The submission is set to be the first of many as business entities put forward their views on how the government should deal with business in the upcoming budget, especially as Treasury is eager to find savings in areas such as superannuation.
Robert Jeremenko, tax counsel at the Tax Institute, told SmartCompany the government needs to ease tax regulation for small business – especially for SMEs.
“The big items we’ve prioritised here are a few state tax reforms, but there’s an opportunity here for states to work together and have a sustainable tax base.”
One key proposal is to make childcare costs fully tax deductible, as opposed to the current 30% rebate. Jeremenko says in order to have more women in the workplace, and to provide consistency to small business, such a scheme should be considered.
“This is one that touches many families, and childcare affordability is influenced by a range of factors,” he says.
The submission argues childcare assistance is a key area “in which reform is necessary”, and says deductions require study from the perspective of both feasibility and increasing productivity.
“There are highly performing, highly productive women in the workforce and they need to be encouraged,” Jeremenko says.
Another key proposal is to create a type of small business entity.

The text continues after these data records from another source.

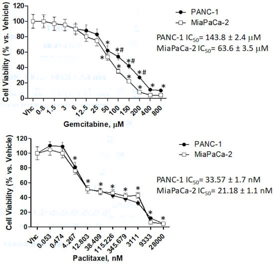 Cytotoxic effect of chemotherapeutic drugs in PDAC cell lines. Cell viability was determined by MTT assay. PANC-1 and MiaPaCa-2 cells were treated for 72 h with different concentrations of gemcitabine (GEM) (up to 800 µM) or paclitaxel (PTX) (up to 28 µM), in single administration. Data shown are expressed as mean ± SE of three separate experiments. * p < 0.05 treated vs. vehicle, # p < 0.05 PANC-1 vs. MiaPaCa-2.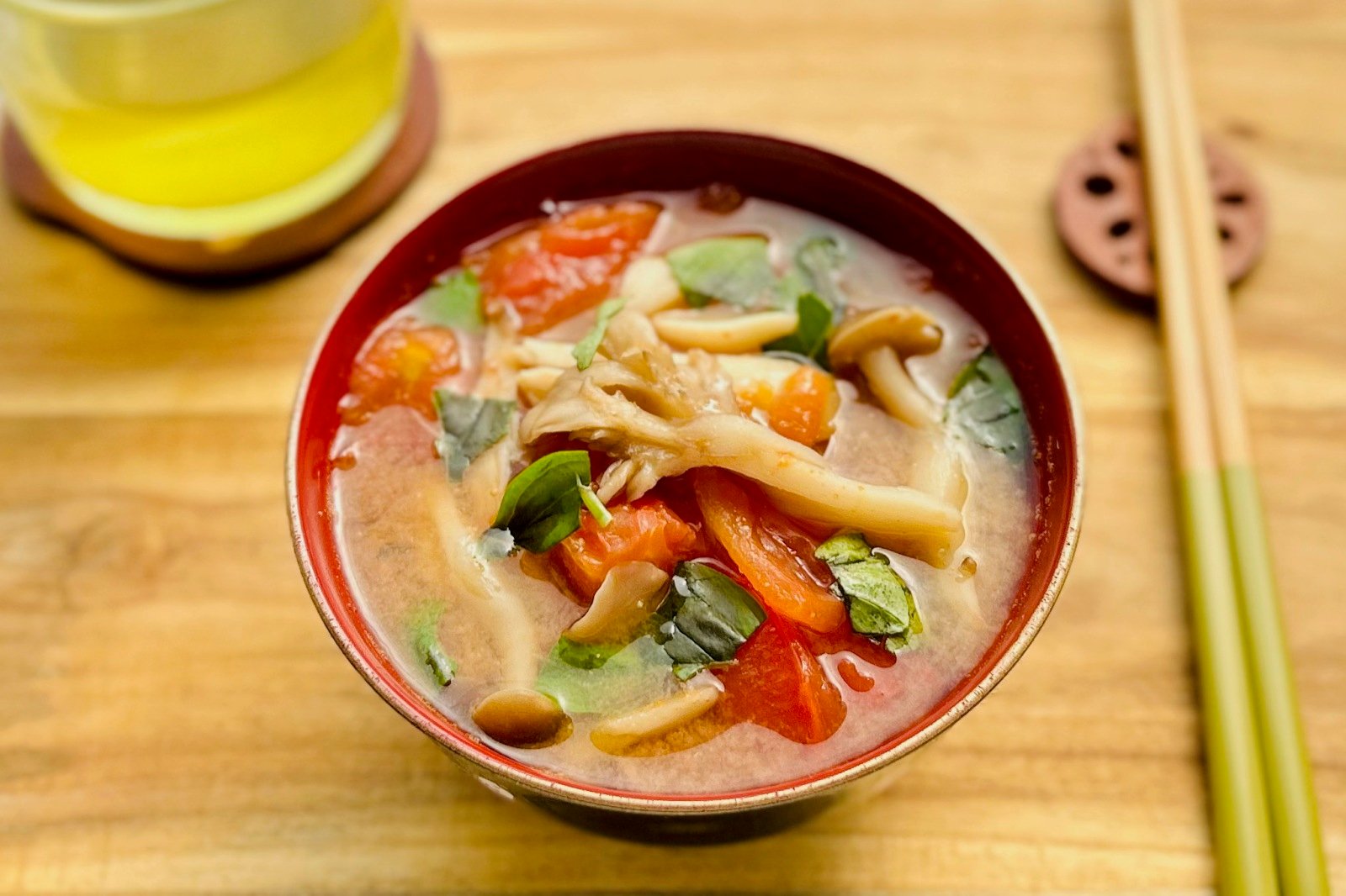 まだ夏の暑さが残りつつも、少しずつ秋の気配が近づいてくる季節。体のだるさや食欲の落ち込み、気温差による不調が出やすい時期でもあります。そんなときにぴったりなのが、トマトの爽やかな酸味と、きのこの旨味を合わせたみそ汁です。甘みや酸味、うま味が重なった一杯は、体を内側からやさしく整えながら、夏の疲れを和らげてくれます。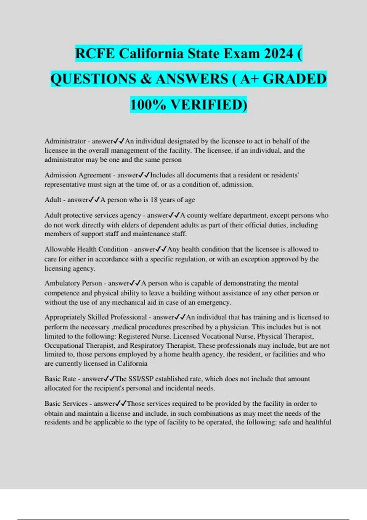 RCFE California State Exam 2024 ( QUESTIONS & ANSWERS ( A+ GRADED 100% VERIFIED) Administrator - answerAn individual designated by the licensee to act in behalf of the licensee in the overall management of the facility. The licensee, if an individual, and the administrator may be one and the same person Admission Agreement - answerIncludes all documents that a resident or residents' representative must sign at the time of, or as a condition of, admission. Adult - answerA person who is 18 years of age Adult protective services agency - answerA county welfare department, except persons who do not work directly with elders of dependent adults as part of their official duties, including members of support staff and maintenance staff. Allowable Health Condition - answerAny health condition that the licensee is allowed to care for either in accordance with a specific regulation, or with an exception approved by the licensing agency. Ambulatory Person - answerA person who is capable of demonstrating the mental competence and physical ability to leave a building without assistance of any other person or without the use of any mechanical aid in case of an emergency. Appropriately Skilled Professional - answerAn individual that has training and is licensed to perform the necessary ,medical procedures prescribed by a physician. This includes but is not limited to the following: Registered Nurse. Licensed Vocational Nurse, Physical Therapist, Occupational Therapist, and Respiratory Therapist, These professionals may include, but are not limited to, those persons employed by a home health agency, the resident, or facilities and who are currently licensed in California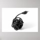 Ein Power-Kabel, das in eine Kugel abgeschieden auf weißem Hintergrund eingewickelt ist, wobei der Endpunkt aus der Kugel scharf fixiert ist.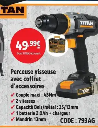 L'offre est disponible dans plusieurs magasins, vérifiez tous les produits pour obtenir le Titan perceuse visseuse avec coffret d'accessoires le moins cher. Si vous souhaitez savoir si l'article est en vente avec une plus grosse remise dans un autre magasin, consultez la catégorie 'Bricolage'. Ces offres pourraient aussi vous intéresser : Perceuse-Visseuse 20V, PERCEUSE VISSEUSE SANS FIL 12V & SCHEPPACH Perceuse-visseuse 20v.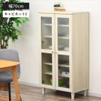 キャビネット 食器棚 幅70cm ガラス扉 キッチン 白 ホワイト 木目調 おしゃれ 北欧 コンパクト シンプル レトロ かわいい

Jeremenko says there are plenty of ways for a business to classify itself, whether it is as a company or a trust – he suggests a small business entity would be a good fit.
“Such a thing could pick up the best bits from all of those structures for a small business. It’s not a perfect situation, but we’re floating the idea that it’s possible with some future work.”
Another area of interest is superannuation, especially as reports continue to suggest the government will be targeting self-managed superannuation funds for extra funds. The Tax Institute says the government should also address “the low level and inflexibility of contributions caps”.
“While certain taxpayers on the top individual marginal tax rate may not suffer a punitive outcome from a liability for excess concessional contributions tax at the top marginal tax rate, the cost borne by taxpayers on lower individual marginal tax rates is significantly out of proportion with the cost to the system of excess contributions,” the submission reads.
The submission also argued contribution caps be increased for those under 50, with increases staggered over a number of years, while it also argues greater flexibility for taxpayers to “carry over” the part of the contributions cap that remains unused.
But Jeremenko says the super system requires reform, otherwise workers – and entrepreneurs – will lose confidence in the system.
“If people lose confidence completely, they will decide to put their money elsewhere,” he says.